1. Be Present
The simple act of being present can immediately dissolve worry and anxiety. Easier said than done.
I recently learned a technique for staying in the present moment from meditation teacher and expert Tara Brach. When you find yourself feeling anxious or you notice that your mind is racing and distracted, place your hand over your heart and quietly say to yourself, “Please, be here now.” You can do this practice as many times throughout the day as you like. Try it the next time you feel distracted and unfocused.
If your goal is to move through your day with ease, grace and contentment meditation will get you there.
Try a guided meditation, or just spend time focusing on your breath.
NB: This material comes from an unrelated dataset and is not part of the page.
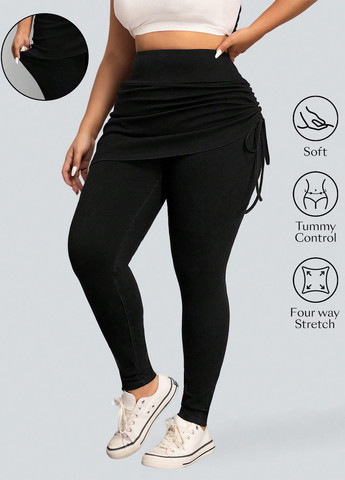 Вузькі штани SHEIN EZwear із високою талією, чорні. Ці чорні вузькі штани забезпечують зручну посадку. Висока талія та вкорочена довжина. Тканина - трикотаж на основі бавовни середньої еластичності (97% бавовна, 3% еластан). Догляд: прання машини або професійна хімчистка.

Start with 5 minutes in the morning and 5 minutes at night, and then increase your time if it feels right.
Try this simple exercise to get you started:
Find a comfortable sitting position, keeping your spine tall and supported. Close your eyes, relax your shoulders and breathe deeply into your belly. Feel your belly rise and fall with each breath.
Breathe in for 5 counts. Hold your breath for 2 counts. Breathe out for 5 counts. Repeat
3. Move your body
Exercise releases endorphins, which help to increase happiness and reduce cortisol. As soon as you start to feel anxiety come on, go for a walk in nature, do yoga, or take a dance class … any activity that you enjoy and gets your body moving will help!
Exercise has an immediate effect on anxiety. Even better, REGULAR exercise will decrease the amount of anxiety you feel overall, so make sure you stick with it! Try to move your body every day for an hour. Or aim for 10,000 steps a day by using a fitness tracker, like Fitbit.